Hi -
> > Change the default pmcd.conf [access] acl today.
>
> ... but if pmwebd is on same host as pmcd (normal situation) there's no
> need to loosen anything. So I wasn't thinking we'd be loosening this but
> rather that pmwebd would be required to have clients providing some kind
> of credentials (basic auth?) before it would do stores on their behalf.
> [...]
It sounds like you're thinking that:
(a) you don't want anonymous users to be able to connect to local: via pmwebd
(b) you want only local: to have pmStore access (the status quo, which is
already too open IMHO, without the audit)

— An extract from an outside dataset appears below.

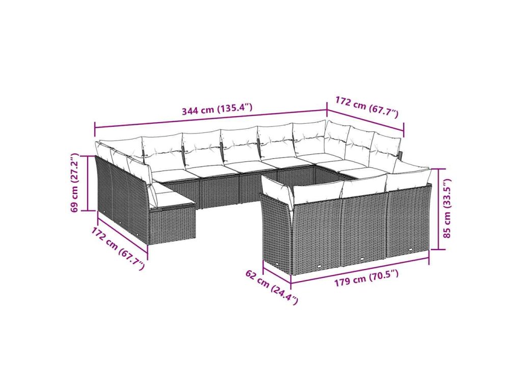 13dílná zahradní sedací souprava s poduškami hnědá polyratan 3218453

(c) vector would like to use pmStore via pmwebd
ergo:
(d) vector will need to use non-anonymous connections
(e) pmwebd will need to support authentication out of the box, or else
(e.1) vector would not run out of the box
Given that we haven't figured out how to configure workable pmcd-level
authentication (sasl) out of the box, expecting pmwebd to do so is ...
optimistic.
But beyond that, it would strike me as sad if something as fun as this
flavour of container monitoring were only practical on the local host.

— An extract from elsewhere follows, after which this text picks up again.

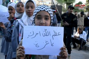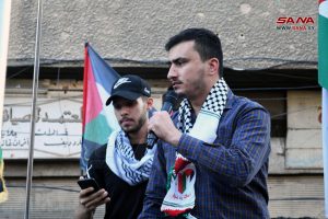 من جهته عضو مجلس الشعب رأفت بكار أشار إلى أن ما يقوم به الاحتلال الإسرائيلي من قصف وقتل للمدنيين في غزة جريمة حرب وإبادة جماعية جبانة تؤكد حقد هذا الكيان وفشله أمام صمود ونضال الشعب الفلسطيني ومقاومته التي حققت أعظم الإنجازات على الأرض، داعياً الأمم المتحدة والمجتمع الدولي إلى الضغط على كيان الاحتلال لوقف مجازره بحق الفلسطينيين الآمنين في غزة، ومنع تعرضهم للتهجير القسري والإسراع بإدخال المساعدات الإغاثية والإنسانية لهم.

The hypothetical (?) pmStore-necessitating extensions to "pcp atop"
wouldn't work remotely.
... all because of an API choice that is nothing but an optimization,
when the apps could just use a per-container pmNewContext.
IMHO, we should instead improve the wire protocol to make
pmNewContexts (and pmDupContext - don't forget about that one) work
efficiently, i.e., do more & better fd/socket sharing rather than
less. Yes, some new PDUs. But the API stays cleaner, and runtime is
more efficient (no ping-pong of pmStore-switcheroo packets).
> That access re-opens the old information exposure issue from
> pmdaproc we keep running into, no? (pmwebd runs as "pcp"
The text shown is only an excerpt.